Moving Ahead With a Certain Resolve

Simply put, the Huskers, to a man, know they beat themselves more than the Cyclones beat them, and that point is made with all due respect to Iowa State.

That's why the Huskers are moving ahead to Baylor instead of looking back at a game they let get away. They know that football is 10 percent what happens to you and 90 percent how you respond to it.

Tom Osborne, a Hall of Fame coach who lost his share of heartbreakers, would handle a setback like this in the only way he knew how . . . come back to work on Monday with a strictly enforced grading system and an all-out effort to fix the problems that are fixable.

Bo Pelini and his staff will respond exactly the same way, and the player who will be leading the charge might just be the best player in country . . . Ndamukong Suh.

Nebraska's All-America defensive tackle and Outland Trophy candidate took on a small army of Cyclone linemen and still made eight tackles, including one sack and one stop for a loss, giving him at least one tackle for a loss in 17 of Nebraska's last 18 games, including the last 11 straight.

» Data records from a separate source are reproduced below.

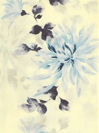 浴衣 クリーム地 ブルー 水彩 菊 レトロ ゆかた3点SET
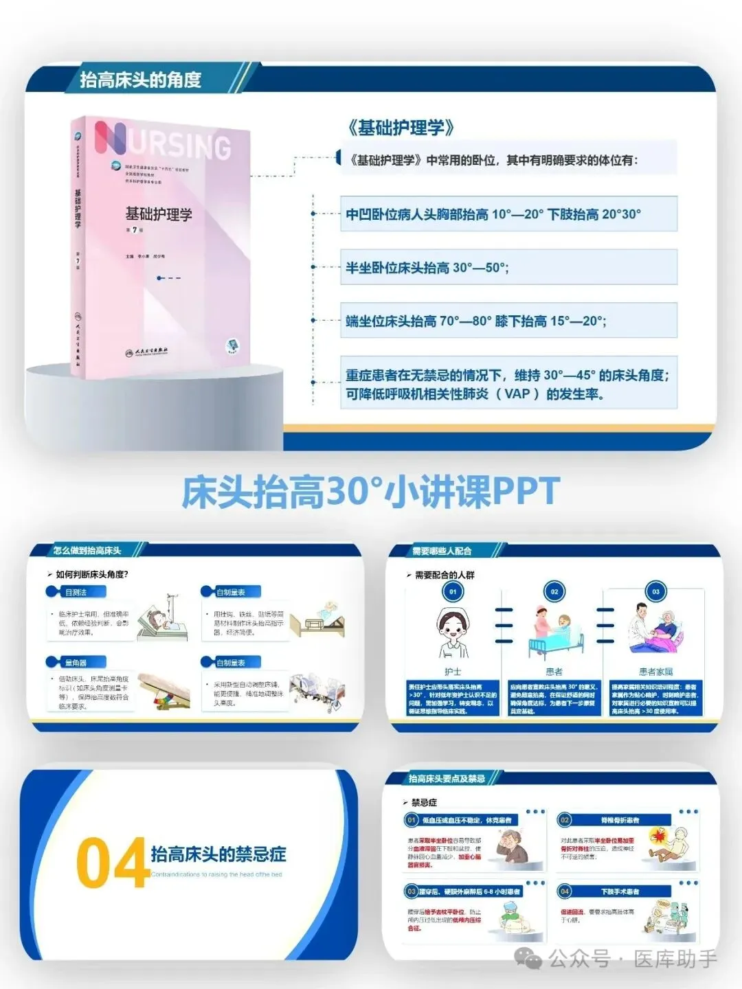 临床执行的三大痛点① 角度不准:目测30°误差大,PPT提供简易测量法(床垫高度≈患者身长1/6)及量角器使用技巧;② 下滑难题:抬高后患者向床尾滑移,详解防滑垫、膝下垫枕、床尾摇高的"三点固定法";③ 禁忌盲区:哪些情况不能抬?低血压休克、脊柱损伤、骨盆骨折等禁忌证一图读懂,避免"一刀切"。
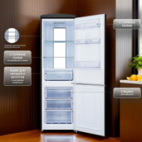 Модель оборудована инверторным компрессором. Благодаря использованию данной технологии холодильник отличается высокой энергоэффективностью и тихой работой.
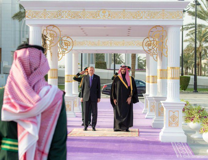 استقبل صاحب السمو الملكي الأمير محمد بن سلمان بن عبدالعزيز آل سعود ولي العهد رئيس مجلس الوزراء، بالديوان الملكي في قصر اليمامة بالرياض مساء اليوم، فخامة الرئيس رجب طيب أردوغان رئيس جمهورية تركيا.
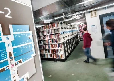 Das Orientierungssystem haben wir als rein analoges System konzipiert und produziert. Zu den Vorgaben für die Entwicklung gehörten: Verwendung des bestehenden Corporate Designs, kein Eingriff in Wand / Boden / Decke und eine Inhouse-Bewirtschaftung des Systems durch die Zentralbibliothek.

Suh blocked an extra point in the second quarter, and he blocked a field goal in the fourth quarter - his fourth and fifth career blocked kicks.

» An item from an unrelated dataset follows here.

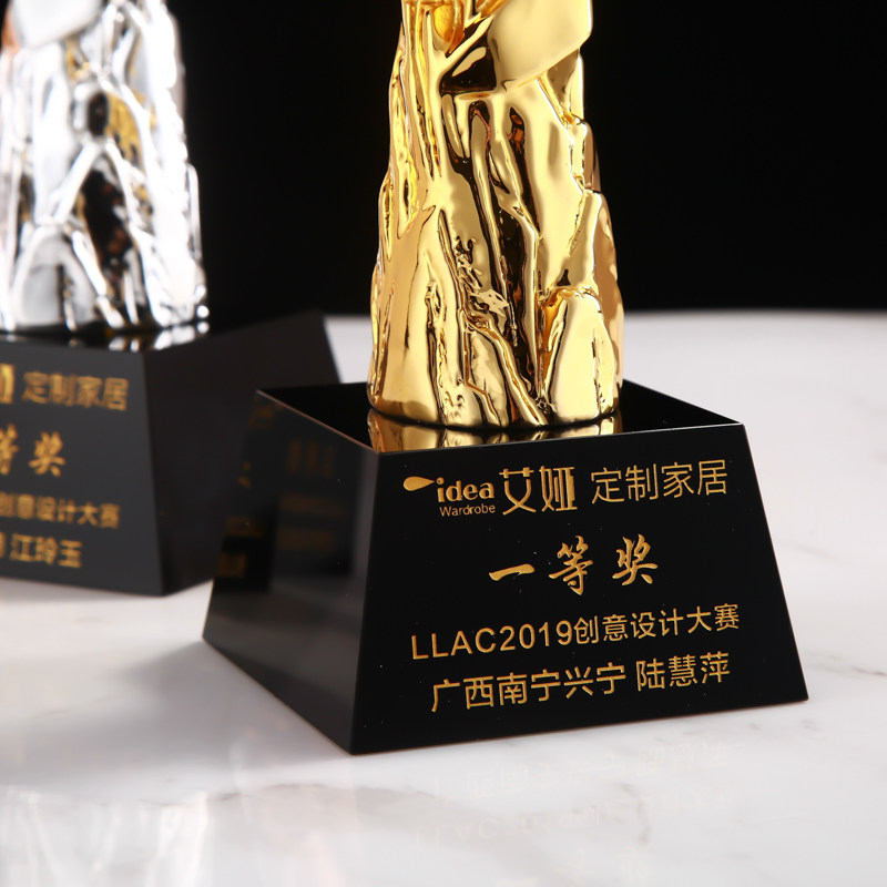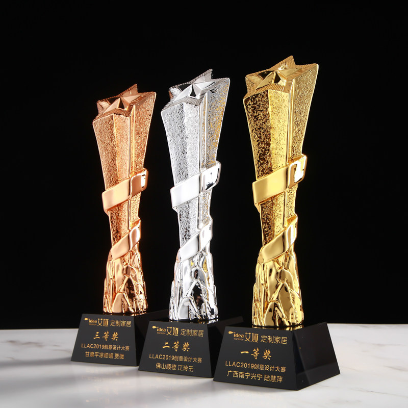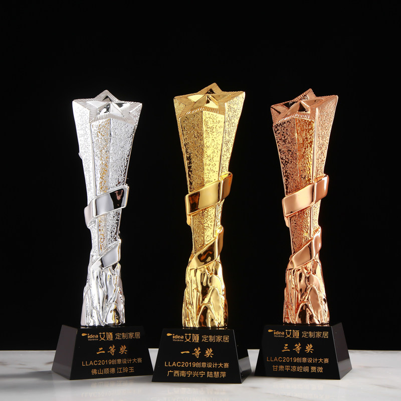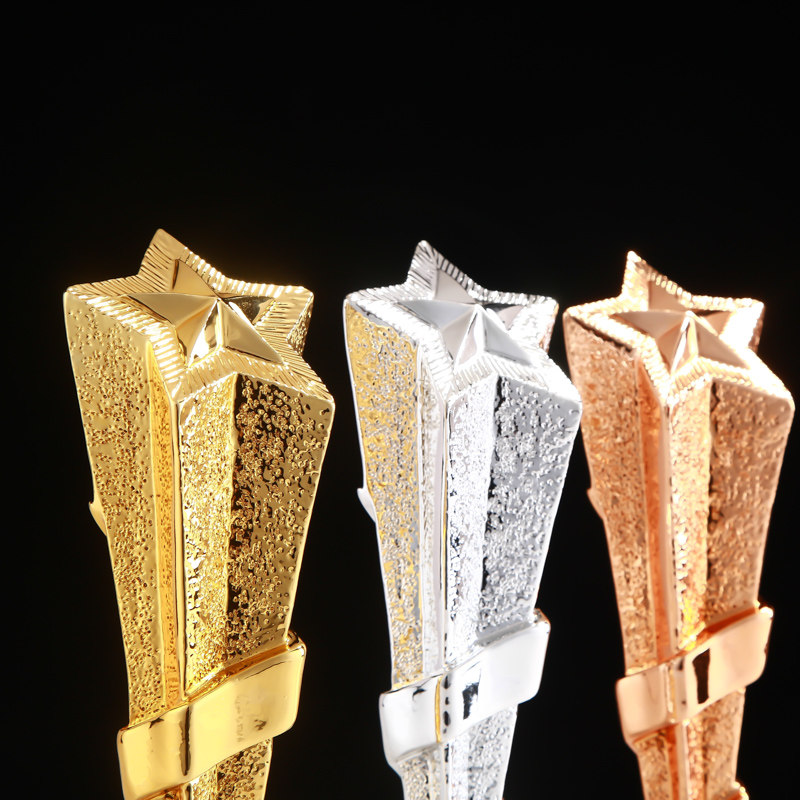 Pentagram gold and silver bronze resin crystal trophy customized to make the annual meeting of the outstanding employees of the creative metal

Suh Continues to Support the Offense

The best thing about Suh, besides his drive and determination, is his unrelenting support of his offensive teammates.

"We know our offense is still potent and will be potent again," he said. "They just need to work out some kinks."

Reporters asked Nebraska's head coach how he rated Lee's performance. "I thought he played well. He was 20-of-37," Pelini said. "I don't think we played well around Zac. I thought he was the least of our problems today."

Pressed about his decision to go with Lee over freshman Cody Green, Pelini said Lee is more prepared. "Cody Green is not quite ready," he said. "He's getting there, but Zac was ready. It's not a difficult decision for me."

Asked if Nebraska's offensive problems are causing frustration, Suh said: "No. You just have to roll with the punches. That's the name of the game."

The next punch and the next game is Baylor in Waco, and if the Huskers can clear that hurdle, Nebraska's goals could remain intact.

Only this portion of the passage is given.